Lines in the listing below containing the string "Campos" are to be identified and copied.

____

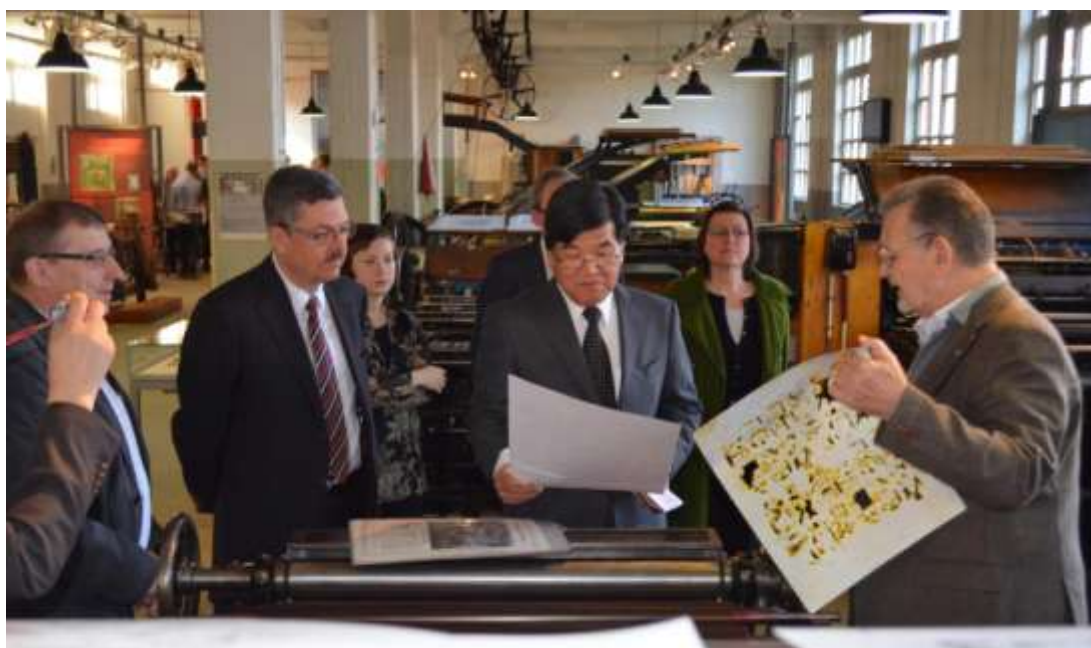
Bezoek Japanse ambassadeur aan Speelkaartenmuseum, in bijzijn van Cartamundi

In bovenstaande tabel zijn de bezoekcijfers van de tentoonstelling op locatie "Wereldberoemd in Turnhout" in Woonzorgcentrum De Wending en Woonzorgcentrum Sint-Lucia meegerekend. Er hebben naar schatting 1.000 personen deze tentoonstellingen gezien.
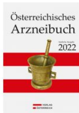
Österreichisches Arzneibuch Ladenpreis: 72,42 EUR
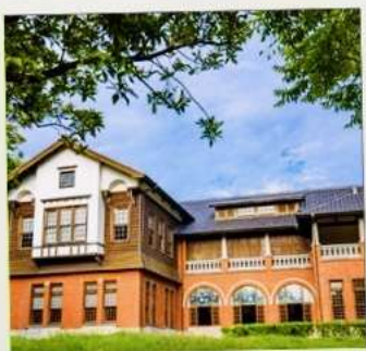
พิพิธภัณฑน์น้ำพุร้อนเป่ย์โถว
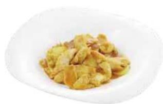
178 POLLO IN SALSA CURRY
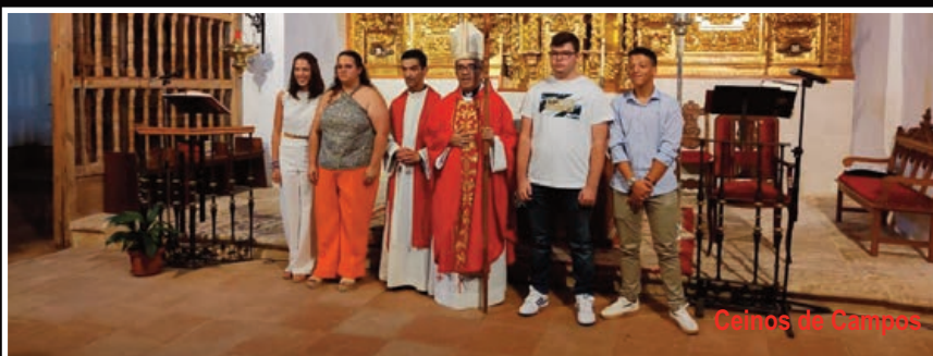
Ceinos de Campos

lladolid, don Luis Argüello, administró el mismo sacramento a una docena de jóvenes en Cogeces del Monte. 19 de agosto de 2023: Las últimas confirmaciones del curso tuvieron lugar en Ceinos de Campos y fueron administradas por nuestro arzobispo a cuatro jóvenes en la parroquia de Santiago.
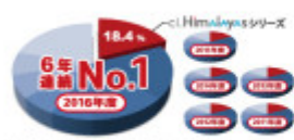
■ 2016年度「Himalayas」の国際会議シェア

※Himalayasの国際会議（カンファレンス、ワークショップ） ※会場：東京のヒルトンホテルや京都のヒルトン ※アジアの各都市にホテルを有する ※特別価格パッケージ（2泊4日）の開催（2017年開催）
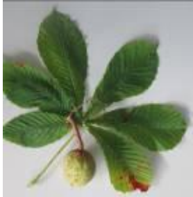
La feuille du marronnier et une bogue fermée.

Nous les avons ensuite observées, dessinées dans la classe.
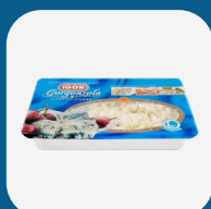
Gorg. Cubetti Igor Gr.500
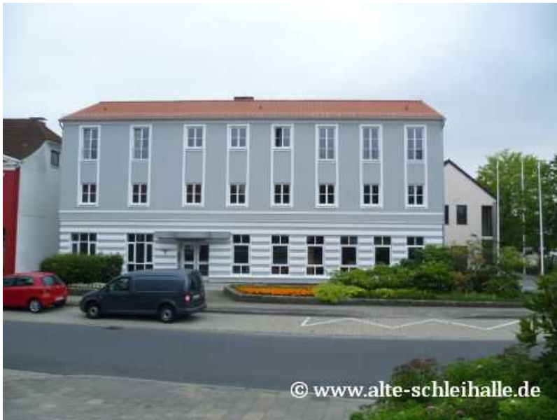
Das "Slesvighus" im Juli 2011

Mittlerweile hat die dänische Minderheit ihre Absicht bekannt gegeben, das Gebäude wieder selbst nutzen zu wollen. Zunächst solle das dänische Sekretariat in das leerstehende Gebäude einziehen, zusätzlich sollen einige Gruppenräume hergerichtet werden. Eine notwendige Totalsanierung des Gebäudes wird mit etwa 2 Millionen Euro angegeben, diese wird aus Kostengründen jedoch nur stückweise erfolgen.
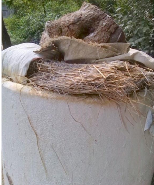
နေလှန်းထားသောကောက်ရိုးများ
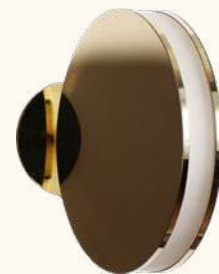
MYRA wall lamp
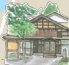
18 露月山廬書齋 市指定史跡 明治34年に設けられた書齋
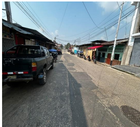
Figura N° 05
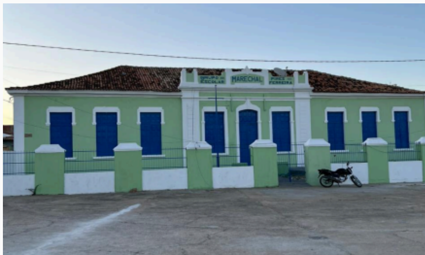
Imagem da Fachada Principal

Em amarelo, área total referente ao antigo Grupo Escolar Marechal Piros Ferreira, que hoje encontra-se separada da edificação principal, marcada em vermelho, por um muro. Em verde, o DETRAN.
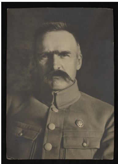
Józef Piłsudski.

____

### FINISHED TASK
Ceinos de Campos
lladolid, don Luis Argüello, administró el mismo sacramento a una docena de jóvenes en Cogeces del Monte. 19 de agosto de 2023: Las últimas confirmaciones del curso tuvieron lugar en Ceinos de Campos y fueron administradas por nuestro arzobispo a cuatro jóvenes en la parroquia de Santiago.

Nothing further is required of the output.